Saturday, May 5, 2012

Two Hundred Years of Surgery

    Saturday, May 05, 2012   No comments



by Atul Gawande, M.D., M.P.H.

Surgery is a profession defined by its authority to cure by means of bodily invasion. The brutality and risks of opening a living person's body have long been apparent, the benefits only slowly and haltingly worked out. Nonetheless, over the past two centuries, surgery has become radically more effective, and its violence substantially reduced — changes that have proved central to the development of mankind's abilities to heal the sick.
SURGERY BEFORE THE ADVENT OF ANESTHESIA
The first volume of the New England Journal of Medicine and Surgery, and the Collateral Branches of Science, published in 1812, gives a sense of the constraints faced by surgeons, and the mettle required of patients, in the era before anesthesia and antisepsis. In the April issue for that year, John Collins Warren, surgeon at the Massachusetts General Hospital and son of one of the founders of Harvard Medical School, published a case report describing a new approach to the treatment of cataracts.1 Until that time, the prevalent method of cataract treatment was “couching,” a procedure that involved inserting a curved needle into the orbit and using it to push the clouded lens back and out of the line of sight.2 Warren's patient had undergone six such attempts without lasting success and was now blind.
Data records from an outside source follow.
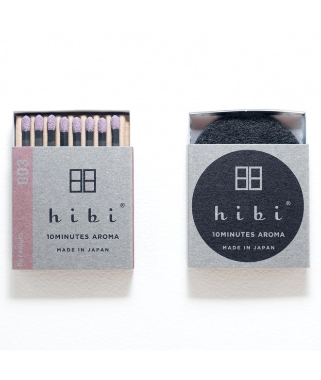 Hibi, aux parfums bruts et francs, est né de l'union de deux savoir-faire traditionnels : l'encens de l'île d'Awaji (berceau de la culture de l'encens) et les allumettes d'Harima.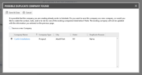 - Click a Save option. Autotask performs a duplicate check on the organization and, if the organization was a duplicate, the contact. Refer to Duplicate checking.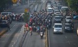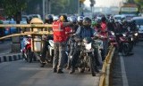 REPUBLIKA.CO.ID, Ratusan pengendara sepeda motor ngotot memasuki jalur busway yang ditutup oleh petugas di jalur TransJakarta di kawasan Mampang Prapatan, Jakarta Selatan, Kamis (4/9). Mentalitas penerabas dan penegakkan hukum yang tidal konsisten membuat jalur busway tidal pernah bisa benar-benar steril dari kendaraan pribadi.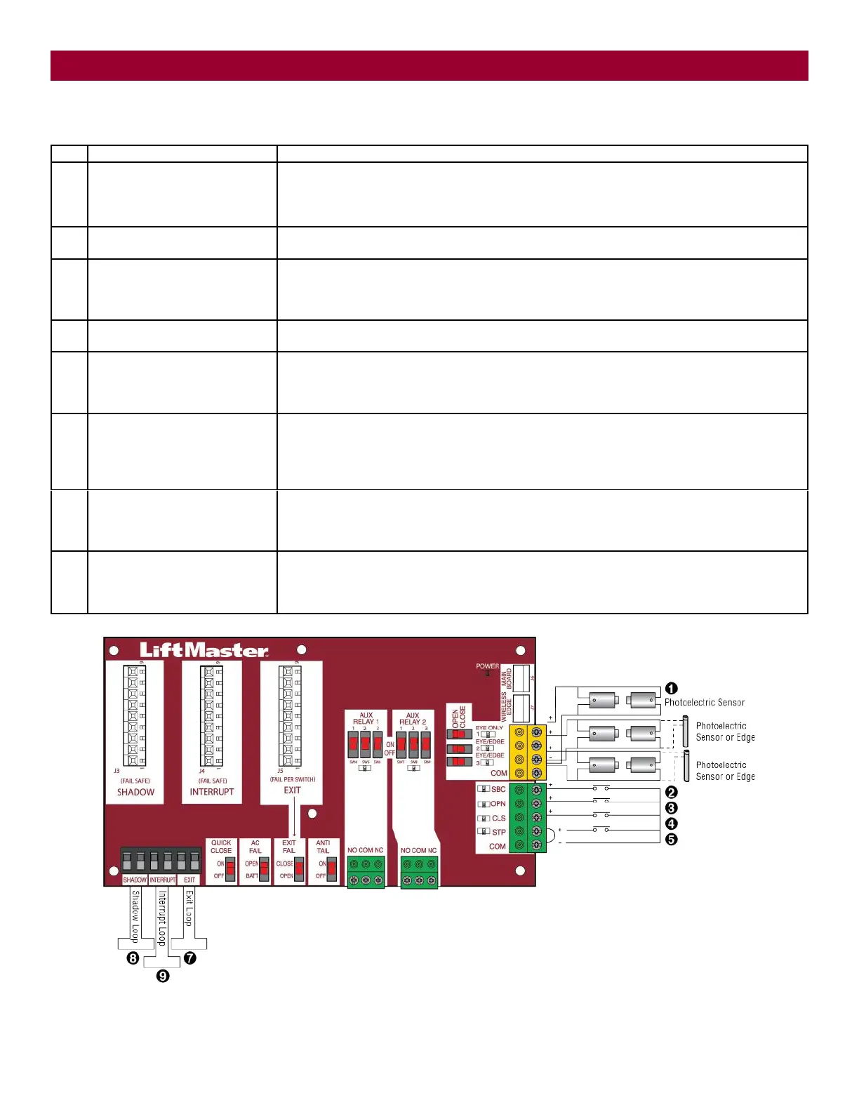 Refer to the chart below and the corresponding image for a description of the expansion board inputs.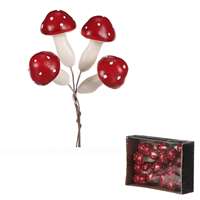 Drobné a lehké plastové houby na drátku jsou všestrannými ozdobami pro vytváření především podzimních aranží. Mají tmavě červenou barvu kloboučků s bílými puntíky, přípomínající mochomůrky červené a balené jsou po 24 kusech v krabičce. Ohebné drátky, na kterých jsou připevněny, umožnují jejich snadnou aplikaci. Můžete si vytvořit své vlastní podzimní lesní zákoutí, na které se bude radost dívat. Díky tomu, že jsou umělé a nádherně zpracované, vám nabízí trvalou a nikdy nekončící krásu pro vaše nápady a kreativní tvorbu. Upozorňujeme však, že nejsou určené ke konzumaci a důrazně doporučujeme chránit je mimo dosah dětí. Barva primární: Červená Výška (cm): 12.00 Rozměr obalu (cm): 13 x 19 x 5 Sezóna: Podzim Hloubka (cm): 3.00 Šířka (cm): 3.00 Hmotnost (g): 100.00 Materiál: Plast Počet ks v balení: 24.00 Ve svazku ks: 4.00 Rozměry: cm Hmotnost:0,17 kg Cena je za 2 kusů.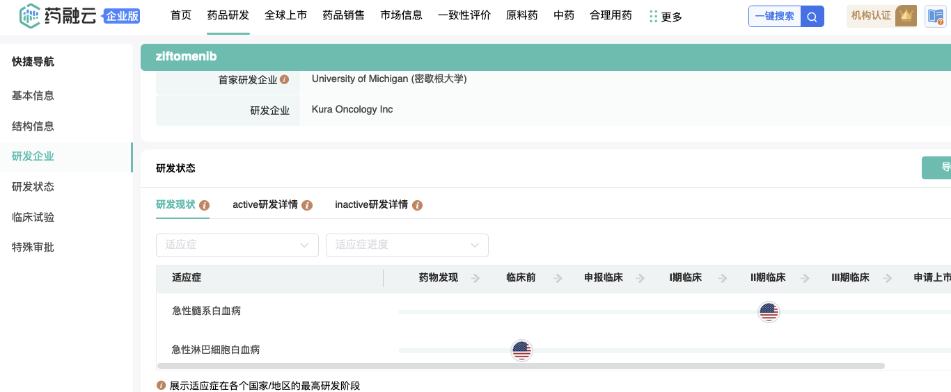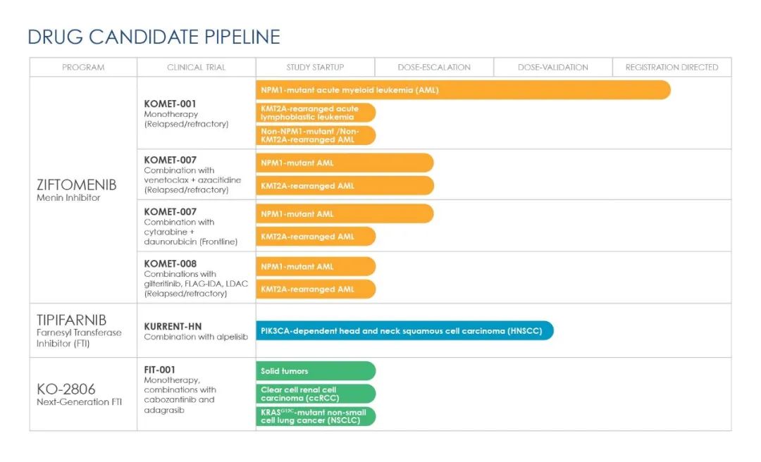 2019年7月,Kura从美国食品和药物管理局(FDA)获得了Ziftomenib治疗急性髓系白血病(AML)的孤儿药指定。并于2019年9月启动了Ziftomenib治疗复发性或难治性AML的全球Menin-KMT2A 1/2期临床试验,称之为Kura Oncology Menin-KMT2A试验,或KOMET-001。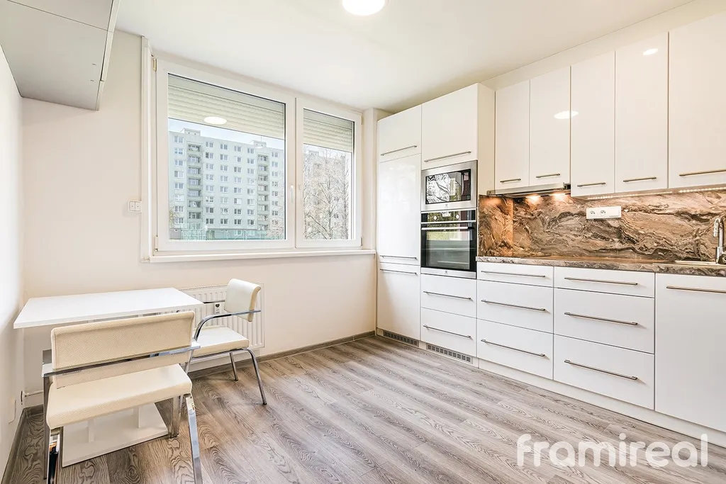 Interiér bytu je vybaven moderní kuchyňskou linkou se spotřebiči, prostornou vestavěnou šatní skříní a dalšími praktickými prvky. K bytu náleží také sklepní kóje, která nabízí dostatek úložného prostoru.
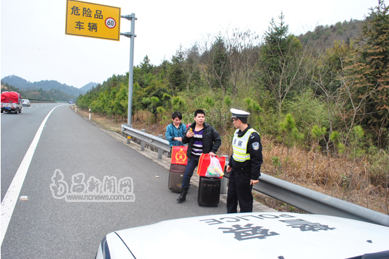 4日下午16时20分,省交警总队直属二支队第四大队巡逻民警在辖区路面巡逻时,在杭瑞高速293KM处发现两名青年男子提着行李在高速公路上行走,同时还不停向路上飞驰的车辆观望以及招手。民警见状,立即将车停在路边询问情况。经了解,两名青年一个姓王,一个姓董,都是江西省婺源县赋春镇人。2009年两人结伴一起到江苏苏州打工,至今已经有三年没回家过年了。今年两人决定回家跟家里人一起过年,但由于火车票难买,他们就经人介绍花了400元钱搭上了一辆从苏州发车到景德镇的大客车。上车前客车司机说可以帮他们送到赋春镇,结果在行驶到离赋春收费站还有20公里的婺源服务区时,司机骗他们说从这里下到赋春镇会很近,步行10分钟就到了。二人单纯地相信了无良黑心司机的话,结果下了车后才发现上了当。几经求助无果后,二人无奈决定走高速步行回家。在遇到民警之前二人已经徒步行走了3公里路程。得知其遭遇后,民警立即将其随身携带的行李搬上巡逻车,把二人安全地送到了赋春收费站。下车后,二人感激地握着民警的手说:“家乡的交警就是好!”
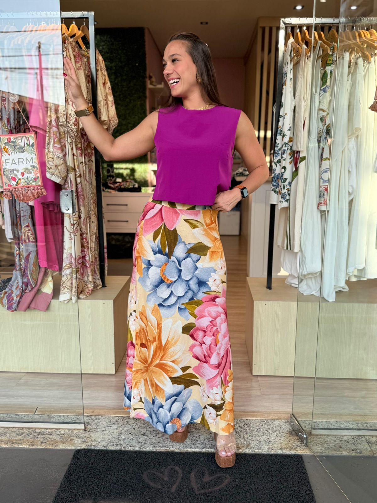 Descrição: Regata Abertura lateral Alfaiataria. Possui modelagem solta ao corpo, comprimento médio, aberturas laterais, corte alfaiataria.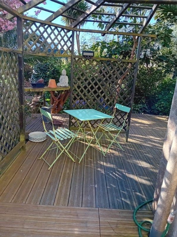Outdoor terrace with garden furniture for dining and enjoying an aperitif, with a barbecue available.

Warren undertook a more radical and invasive procedure — actual removal of the left cataract. He described the operation, performed before the students of Harvard Medical School, as follows:
The eye-lids were separated by the thumb and finger of the left hand, and then, a broad cornea knife was pushed through the cornea at the outer angle of the eye, till its point approached the opposite side of the cornea. The knife was then withdrawn, and the aqueous humour being discharged, was immediately followed by a protrusion of the iris.
Into the collapsed orbit of this unanesthetized man, Warren inserted forceps he had made especially for the event. However, he encountered difficulties that necessitated improvisation:
The opaque body eluding the grasp of the forceps, a fine hook was passed through the pupil, and fixed in the thickened capsule, which was immediately drawn out entire. This substance was quite firm, about half a line in thickness, a line in diameter, and had a pearly whiteness.
A bandage was applied, instructions on cleansing the eye were given, and the gentleman was sent home. Two months later, Warren noted, inflammation required “two or three bleedings,” but “the patient is now well, and sees to distinguish every object with the left eye.”